I was in Nepal when the Maoists called a national general strike and I had to travel across country to the border with Tibet during that event. I had to pass through protesters’ many ad-hoc Maoists check points where non-governmental Maoists were making the decision whether to let my group pass or not. Luckily they did let us pass but later on I found out that there were some incidents where the tourists got beaten. The tourists were disrespectful, the rumors went, and failed to stop at a check point.
Near the end of my trip, I was in Bangkok during the bloodiest uprising in the contemporary history of Thailand.
I walked on the streets of Lhasa avoiding at all costs looking suspicious to the Chinese soldiers in full riot gear stationed at many corners of the Tibetan section while the Tibetans were going about their business buying yak butter and vegetables, conducting business and sipping cups of yak butter tea in the tea houses.

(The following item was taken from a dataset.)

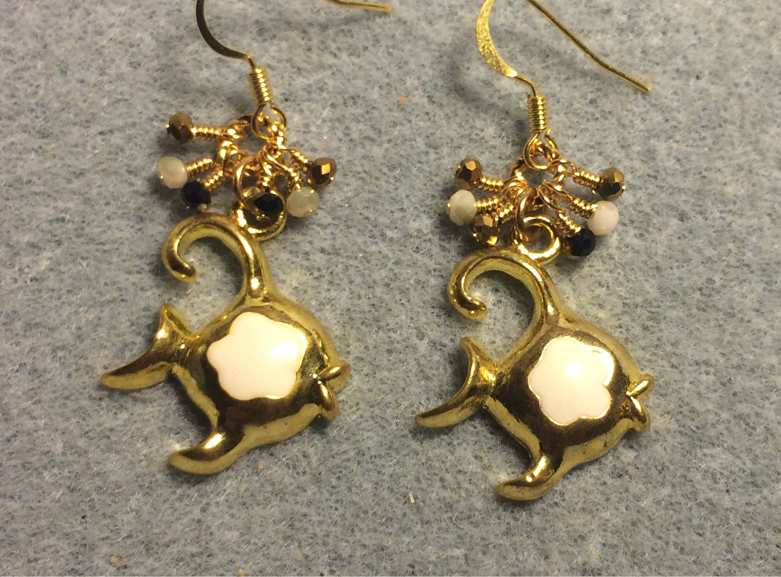 These adorable earrings are made with gold and off white enamel angelfish charms and are adorned with tiny dangling gold and off white Chinese crystal beads.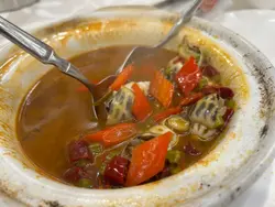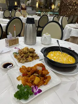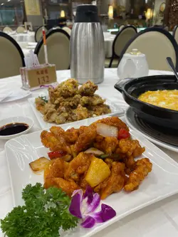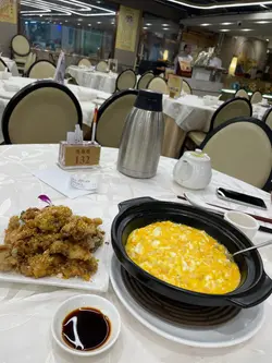 大概大部分人都會認識這幢6層高的建築, 以鮮艷奪目的紅橙色打造傳統中國風外牆的鴻圖樓 😃 以前在附近上班曾試過它的茶餐廳, 才發現原來1樓是酒樓, 今次就來試試看。除左單點之外, 也有不少款式的套餐, 由2人到1圍枱都有, 而這晚我們吃的餐數量是續位計算 😗 最少2位起叫。珍味海鮮宴 原價$288 現在優惠價 $238燒鵝伴燻蹄辣酒煮海花螺蒜蓉牛油焗大頭🦐原中雞燉翅果皮蒸鮮鮑魚手打魚腐浸脆梳白汁焗海鮮飯椰汁蘆薈糕燒鵝伴燻蹄用燒鵝燻蹄做前菜, 是一個可接受的開始, 燒鵝微微脆, 我認為不錯, 朋友則覺得不夠脆 🙃 燻蹄肉質就相對粗糙。辣酒煮海花螺整盤有廿多隻花螺, 直接嚐那個醬汁是有點辣的, 如果挑螺後直接吃就只是微辣, 不過朋友就覺得很辣, 所以只吃了一隻! 🙄 結果我吃了餘下的廿多隻 😶 海螺口感很爽脆, 不停咀嚼很有快感! 😂蒜蓉牛油焗大頭蝦果皮蒸鮮鮑魚大頭蝦蠻大隻, 而且很彈牙, 雖然外殼包圍, 但蒜蓉牛油的味都能浸入蝦裡面 ☺️ 鮑魚煮得有點久, 而且味道略淡, 跟大蝦截然不同, 幸好加了果皮在鮑魚上有吊味作用。原盅雞燉翅先不談它的翅仔, 湯頭非常甜, 用雞和豬肉燉出了多時製成, 並非味精湯 😍 這個餐很便宜都不會預期它的翅有多出色 🙂白汁焗海鮮飯通常最後這些飯都是隨便煮出來的, 在我跟朋友完全亳無期望之下竟然有驚喜 🤩 白汁非常濃稠, 飯用蛋炒底, 做到粒粒分明, 朋友明明聲稱飽肚還能吃了幾碗就知它的吸引力!…查看更多

I had a private audience with His Holiness Demjom Tenzin Yeshey Dorjee, a highly revered Rimpoche of Bhutan and talked about the shape of Buddhism in the West and how Buddhist ideas are merging with the industrialized world in a complementary rather than adversarial way and the role of spirituality in a technologically evolving world. His Holiness, open minded and visionary, believes that “compassion is the way to connect with one another and with the entire world in a meaningful way and the best way out of suffering.”
I went over mountain passes of over 16,500 feet altitude on my overland drive from Kathmandu, Nepal to Lhasa, Tibet, on the Friendship Highway, touching or gazing at the tallest mountains in the world in complete wonder while my lungs were desperately expanding to their maximum capacity in the thin air.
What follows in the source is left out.